Daniel Balavoine : retour sur sa carrière

Daniel Balavoine demeure aujourd’hui encore, l’un des plus grands artistes français, connu de tous pour ses tubes inoubliables comme « L’Aziza ». Zoom sur le parcours d’un monstre sacré disparu trop tôt.

Daniel Balavoine (picto) © MD
Daniel Balavoine : ses débuts

Daniel Balavoine débute comme chanteur de bal dans le Sud de la France, où il passe son enfance. Très vite, il monte à Paris et travaille avec de nombreux groupes de rock. En 1972, il enregistre son tout premier 45 tours solo, mais il ne rencontre pas le succès. L’artiste décide alors de rejoindre la troupe du premier opéra-rock français, « La Révolution Française », créé par Claude-Michel Schönberg, aux côtés d’un certain Alain Bashung et du groupe de rock Martin Circus. En 1974, Daniel Balavoine croise le chemin de Patrick Juvet, dont il devient le choriste. Pour son opus « Chrysalide » paru la même année, Juvet laisse Balavoine chanter le morceau « Couleurs d’automne ». Balavoine se fait alors remarquer et sort deux albums : « De vous à elle en passant par moi » en 1975, puis « Les aventures de Simon et Gunther » en 1977. Ces disques restent cependant assez confidentiels.

Daniel Balavoine : l’aventure « Starmania » (1978)
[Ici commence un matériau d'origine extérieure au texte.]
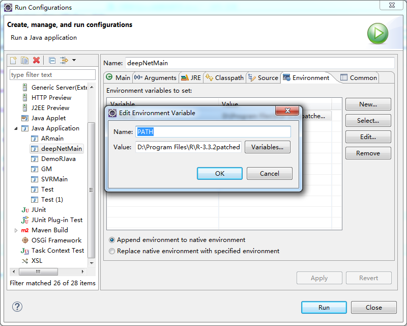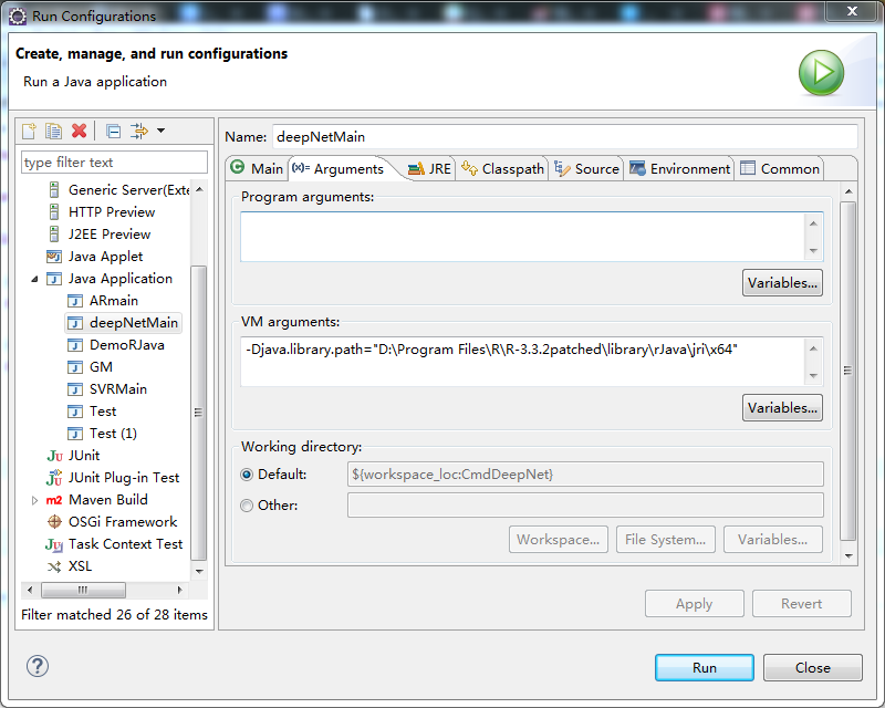 Arguments中添加: -Djava.library.path="D:\Program Files\R\R-3.3.2patched\library\rJava\jri\x64" Enviornment中添加:PATH D:\Program Files\R\R-3.3.2patched\bin\x64 (此处仍需要注意系统版本是64位还是32位)

Le chanteur va véritablement exploser grâce à sa participation à l’opéra-rock « Starmania », en 1978, composé par Michel Berger et Luc Plamondon. Il joue alors l’un des personnages principaux du spectacle, Johnny Rockfort, et se distingue grâce à sa voix particulièrement puissante. Les tubes s’enchaînent alors à la vitesse de la lumière, de « Quand on arrive en ville » à « SOS d’un terrien en détresse », parus en 1978. À la même période, Balavoine sort « Le chanteur » (1978), son troisième album. Le morceau éponyme devient un tube, ainsi que la chanson « Lucie ». C’est le début de la gloire pour l’artiste. En novembre 1980, le public découvre « Un autre monde », dont sont extraits les tubes « Mon fils, ma bataille », « Je ne suis pas un héros » et « La vie ne m’apprend rien ». Ces mélodies sont devenues depuis des classiques du répertoire de Daniel Balavoine et de la chanson française. Plus de 500 000 copies du disque sont écoulées.

Daniel Balavoine : un destin brisé

Plusieurs autres albums suivent : « Vendeurs de larmes » en 1982, connu pour son morceau « Vivre ou survivre », suivi de « Loin des yeux de l’Occident » en 1983. Daniel Balavoine connaît ses meilleures ventes avec « Sauver l’amour », son dernier opus de 1985, sur lequel on retrouve « Tous les cris, les SOS » et « L’Aziza », l’un de ses 5 plus grands tubes, dédié à sa femme, Corinne, d’origine juive marocaine. En 1986, Balavoine prend part au Paris-Dakar, pour assurer une mission humanitaire. Artiste engagé, il est l’ambassadeur de l’opération « Pompes à eau pour l’Afrique », qui, comme son nom l’indique, vise à installer des pompes à eau sur le continent africain. Alors qu’il est au Mali, il disparaît dans un accident d’hélicoptère, le 14 janvier 1986, au cours d’une tempête de sable. Il laisse derrière lui sa femme, enceinte (leur fille, Joana, naîtra quelques mois seulement après la mort de l’artiste en juin 1986), mais aussi son fils Jérémie. Son public le pleure, ses amis artistes aussi. Daniel Balavoine laisse alors un grand vide et un goût d’inachevé.